DATA SECTION.
☆ ☆ ☆
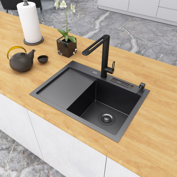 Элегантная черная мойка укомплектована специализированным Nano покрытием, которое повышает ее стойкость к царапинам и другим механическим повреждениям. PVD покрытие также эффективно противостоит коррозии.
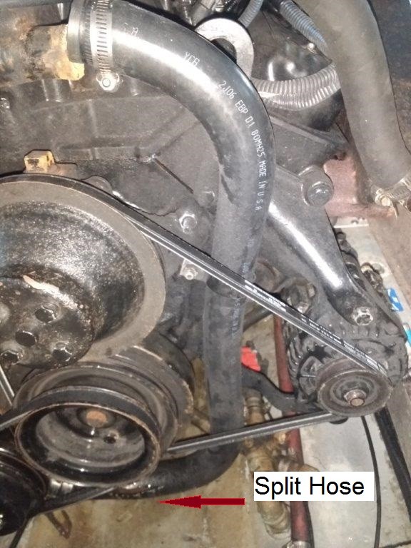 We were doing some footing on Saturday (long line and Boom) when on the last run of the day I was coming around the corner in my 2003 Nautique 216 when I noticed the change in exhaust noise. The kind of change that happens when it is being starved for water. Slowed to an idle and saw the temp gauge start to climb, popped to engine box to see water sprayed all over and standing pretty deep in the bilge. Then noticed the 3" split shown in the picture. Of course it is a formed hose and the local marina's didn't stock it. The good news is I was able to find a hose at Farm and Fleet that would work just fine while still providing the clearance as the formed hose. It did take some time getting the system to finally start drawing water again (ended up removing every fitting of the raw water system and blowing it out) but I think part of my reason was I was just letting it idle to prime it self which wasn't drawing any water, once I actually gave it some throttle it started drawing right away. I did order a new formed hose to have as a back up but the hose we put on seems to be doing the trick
☆ ☆ ☆
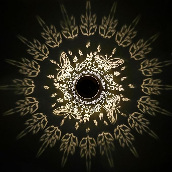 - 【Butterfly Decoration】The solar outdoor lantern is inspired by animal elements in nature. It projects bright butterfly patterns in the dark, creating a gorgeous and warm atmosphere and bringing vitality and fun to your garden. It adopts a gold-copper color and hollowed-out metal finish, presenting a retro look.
☆ ☆ ☆
TASK BRIEF. Find where the line with "Элегантная черная мойка" sits in the material above and where the line with "We were doing" sits. Set down exactly the lines from the first to the second, both included and nothing else, without pictures.

WRITTEN ANSWER.
 Элегантная черная мойка укомплектована специализированным Nano покрытием, которое повышает ее стойкость к царапинам и другим механическим повреждениям. PVD покрытие также эффективно противостоит коррозии.
 We were doing some footing on Saturday (long line and Boom) when on the last run of the day I was coming around the corner in my 2003 Nautique 216 when I noticed the change in exhaust noise. The kind of change that happens when it is being starved for water. Slowed to an idle and saw the temp gauge start to climb, popped to engine box to see water sprayed all over and standing pretty deep in the bilge. Then noticed the 3" split shown in the picture. Of course it is a formed hose and the local marina's didn't stock it. The good news is I was able to find a hose at Farm and Fleet that would work just fine while still providing the clearance as the formed hose. It did take some time getting the system to finally start drawing water again (ended up removing every fitting of the raw water system and blowing it out) but I think part of my reason was I was just letting it idle to prime it self which wasn't drawing any water, once I actually gave it some throttle it started drawing right away. I did order a new formed hose to have as a back up but the hose we put on seems to be doing the trick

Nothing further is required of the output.